→ **TASK STATEMENT**: Transcribe the entries exactly as they stand below, passing over any picture.

··· INFORMATION PROVIDED

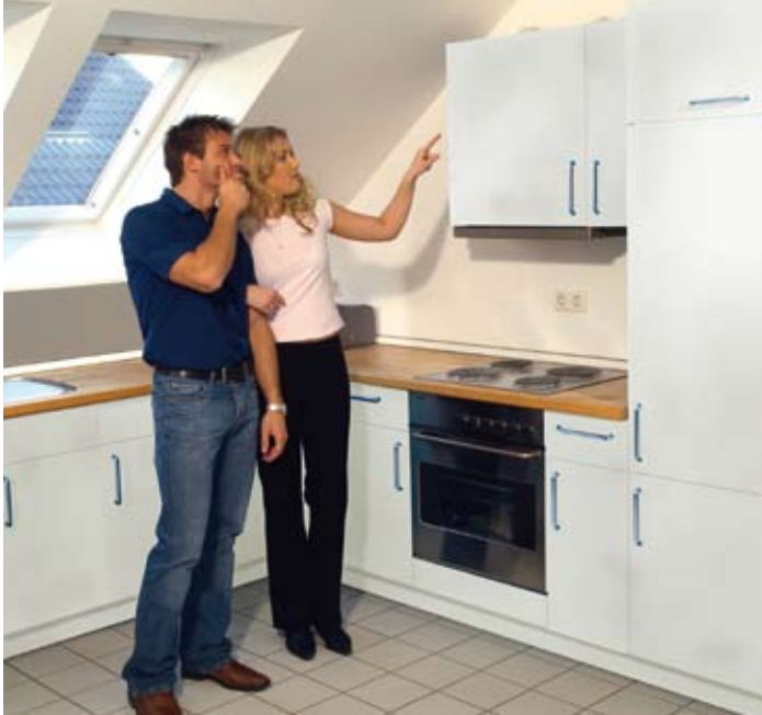
Einfach perfekt. Die Holz- und Marmor-Folien

Das Rezept für echte „Gourmets“: Eine Kombination aus Holz und Marmor. Die Wirkung ist verblüffend: Alte Arbeitsflächen, Fronten und sogar der Kühlschrank werden wie neu. So wird die Küche ohne großen Aufwand zum Lieblingsraum – und das Kochen bereitet noch mehr Freude.
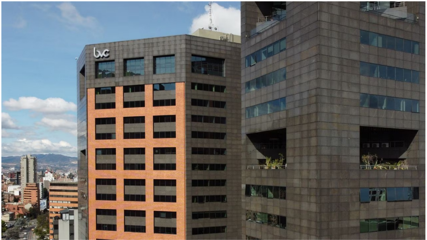
La Bolsa de Valores de Colombia y Ecopetrol siguen afectadas por el mal trago que pasan los operadores tras el nuevo ajuste de las tasas de interés que anunció la Fed en los Estados Unidos.

La Bolsa de Valores de Colombia y Ecopetrol siguen afectadas por el mal trago que pasan los operadores tras el nuevo ajuste de las tasas de interés que anunció la Fed en los Estados Unidos y este jueves -27 de julio- arrancaron nuevamente con caídas en sus diferentes indicadores, que siguen lastrados por la creciente aversión al riesgo y el temor a un mayor endurecimiento de la política económica en Colombia, si el Banco de la República emula los pasos que ya dio el banco central del gigante norteamericano.
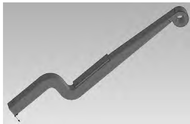
Рис. 7. Вигляд півресори з проставкою між віссю і півресорою
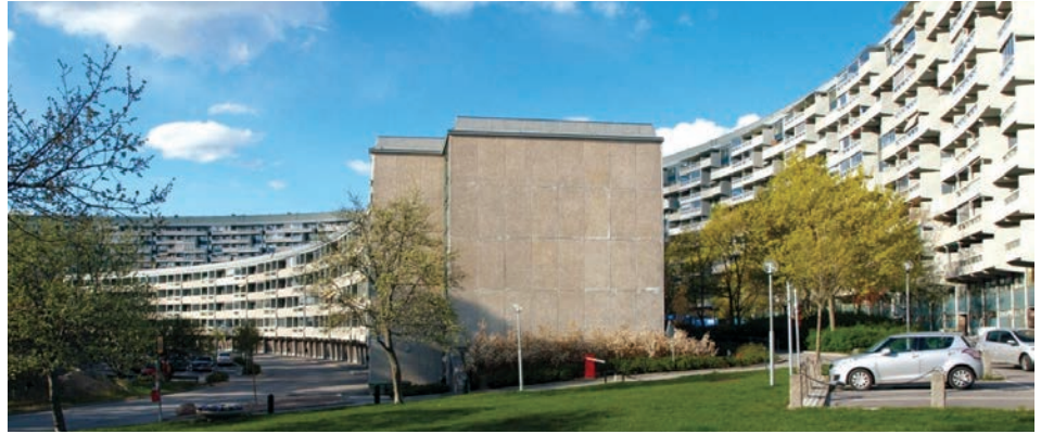
Il. 4. Täby, zespół Grindtorp
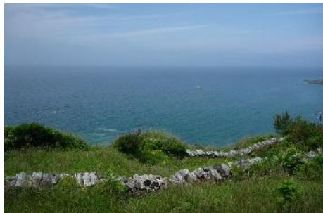
5.宮城県石巻市田代島 ゆったりとした時間の中で自然を満喫
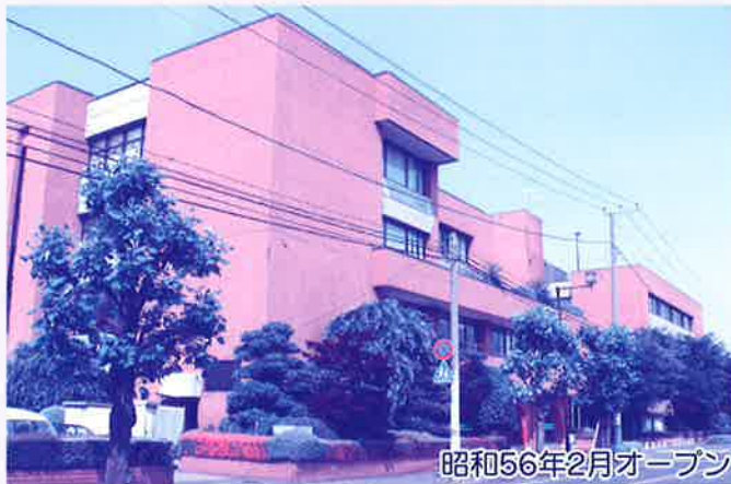
昭和56年2月オープン
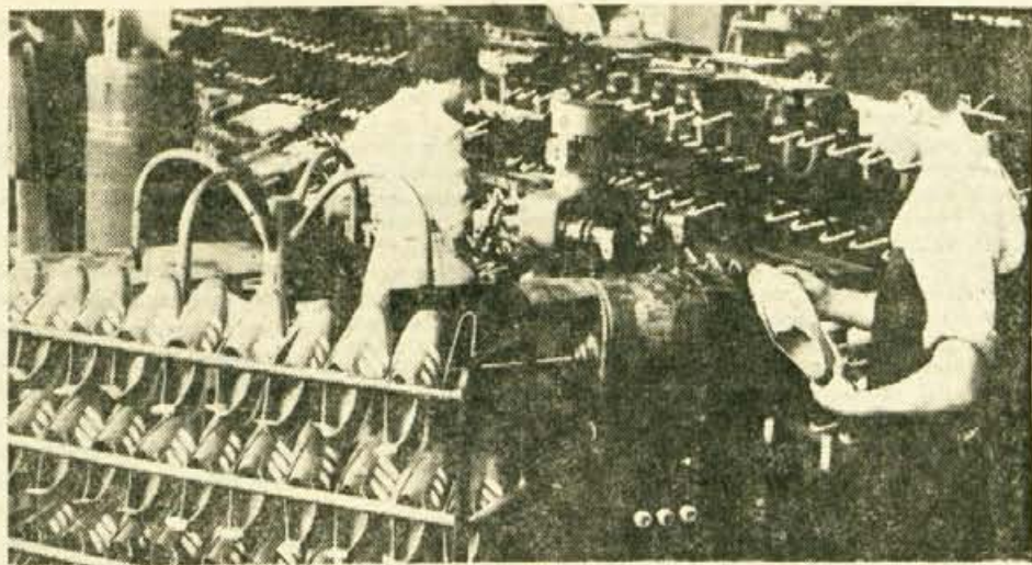
ADIDAS V JUGOSLAVIJI — Z izdelavo športne obutve Adidas-Planika in prodajo na domačem trgu imajo v Planiki izkoriščena dva tekoča trakova
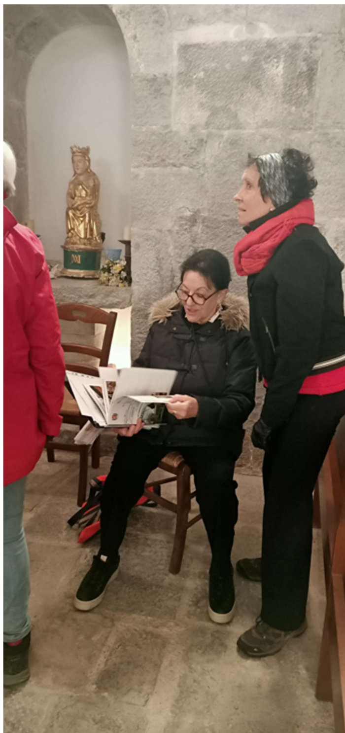
Randonnée des Trois Chapelles au Pays de Fayence

······

→ **EXERCISE SOLUTION**:
Einfach perfekt. Die Holz- und Marmor-Folien

Das Rezept für echte „Gourmets“: Eine Kombination aus Holz und Marmor. Die Wirkung ist verblüffend: Alte Arbeitsflächen, Fronten und sogar der Kühlschrank werden wie neu. So wird die Küche ohne großen Aufwand zum Lieblingsraum – und das Kochen bereitet noch mehr Freude.
La Bolsa de Valores de Colombia y Ecopetrol siguen afectadas por el mal trago que pasan los operadores tras el nuevo ajuste de las tasas de interés que anunció la Fed en los Estados Unidos.

La Bolsa de Valores de Colombia y Ecopetrol siguen afectadas por el mal trago que pasan los operadores tras el nuevo ajuste de las tasas de interés que anunció la Fed en los Estados Unidos y este jueves -27 de julio- arrancaron nuevamente con caídas en sus diferentes indicadores, que siguen lastrados por la creciente aversión al riesgo y el temor a un mayor endurecimiento de la política económica en Colombia, si el Banco de la República emula los pasos que ya dio el banco central del gigante norteamericano.
Рис. 7. Вигляд півресори з проставкою між віссю і півресорою
Il. 4. Täby, zespół Grindtorp
5.宮城県石巻市田代島 ゆったりとした時間の中で自然を満喫
昭和56年2月オープン
ADIDAS V JUGOSLAVIJI — Z izdelavo športne obutve Adidas-Planika in prodajo na domačem trgu imajo v Planiki izkoriščena dva tekoča trakova
Randonnée des Trois Chapelles au Pays de Fayence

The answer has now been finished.